_Information_

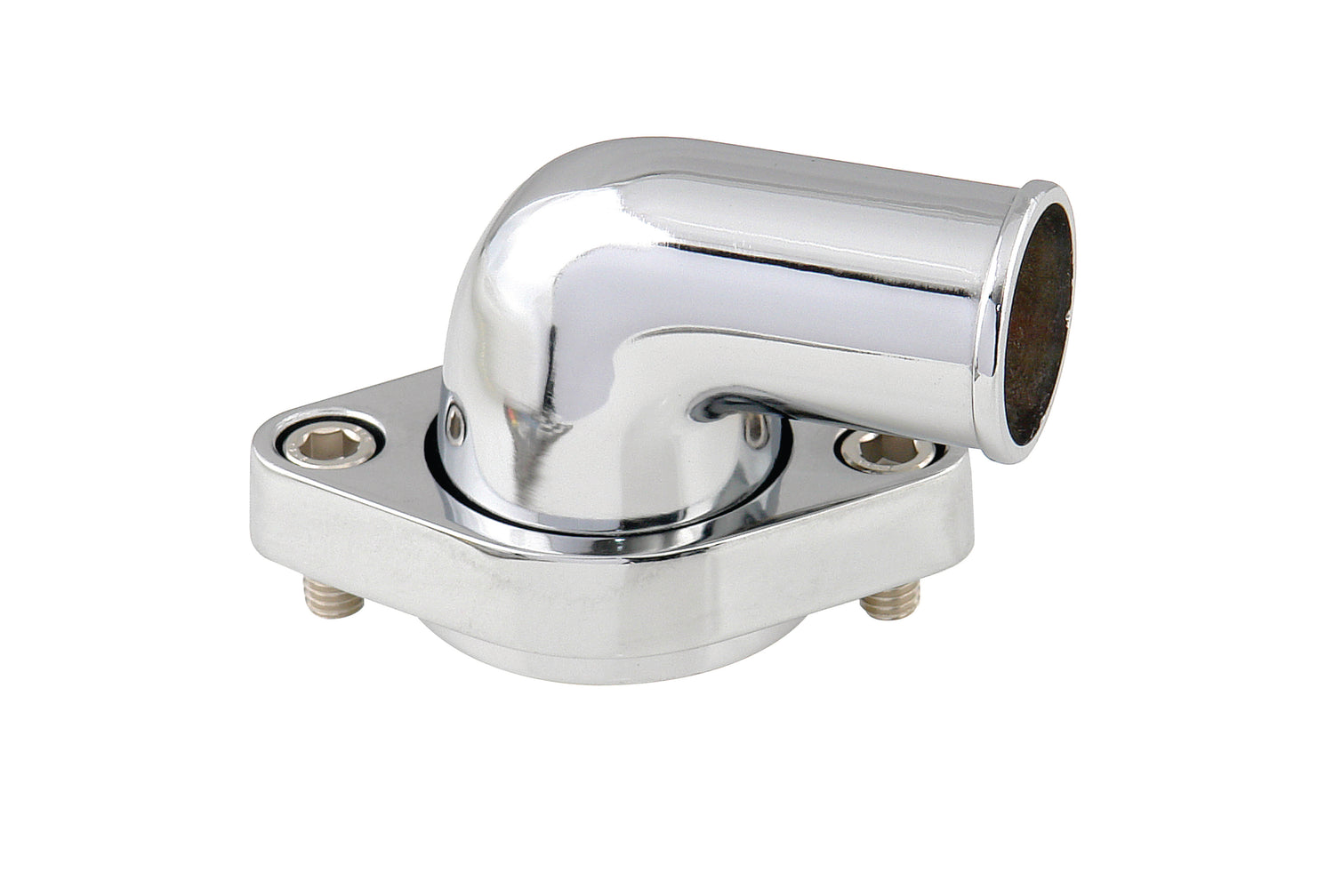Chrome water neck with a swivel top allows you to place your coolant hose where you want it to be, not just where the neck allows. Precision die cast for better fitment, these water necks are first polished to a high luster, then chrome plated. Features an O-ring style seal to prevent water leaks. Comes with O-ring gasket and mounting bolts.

---

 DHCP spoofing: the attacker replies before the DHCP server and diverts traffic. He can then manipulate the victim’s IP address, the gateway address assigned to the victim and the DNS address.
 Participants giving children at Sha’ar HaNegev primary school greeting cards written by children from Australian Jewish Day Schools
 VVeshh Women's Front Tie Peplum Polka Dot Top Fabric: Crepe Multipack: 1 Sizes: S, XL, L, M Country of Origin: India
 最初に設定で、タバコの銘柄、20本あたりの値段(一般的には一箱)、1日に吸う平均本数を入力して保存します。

_What you are asked to do_
What you give back should be only the lines of the records above, starting at the line with "Participants giving children" and ending at the line with "最初に設定で、タバコの銘柄、", restated word for word.

_Reply_
 Participants giving children at Sha’ar HaNegev primary school greeting cards written by children from Australian Jewish Day Schools
 VVeshh Women's Front Tie Peplum Polka Dot Top Fabric: Crepe Multipack: 1 Sizes: S, XL, L, M Country of Origin: India
 最初に設定で、タバコの銘柄、20本あたりの値段(一般的には一箱)、1日に吸う平均本数を入力して保存します。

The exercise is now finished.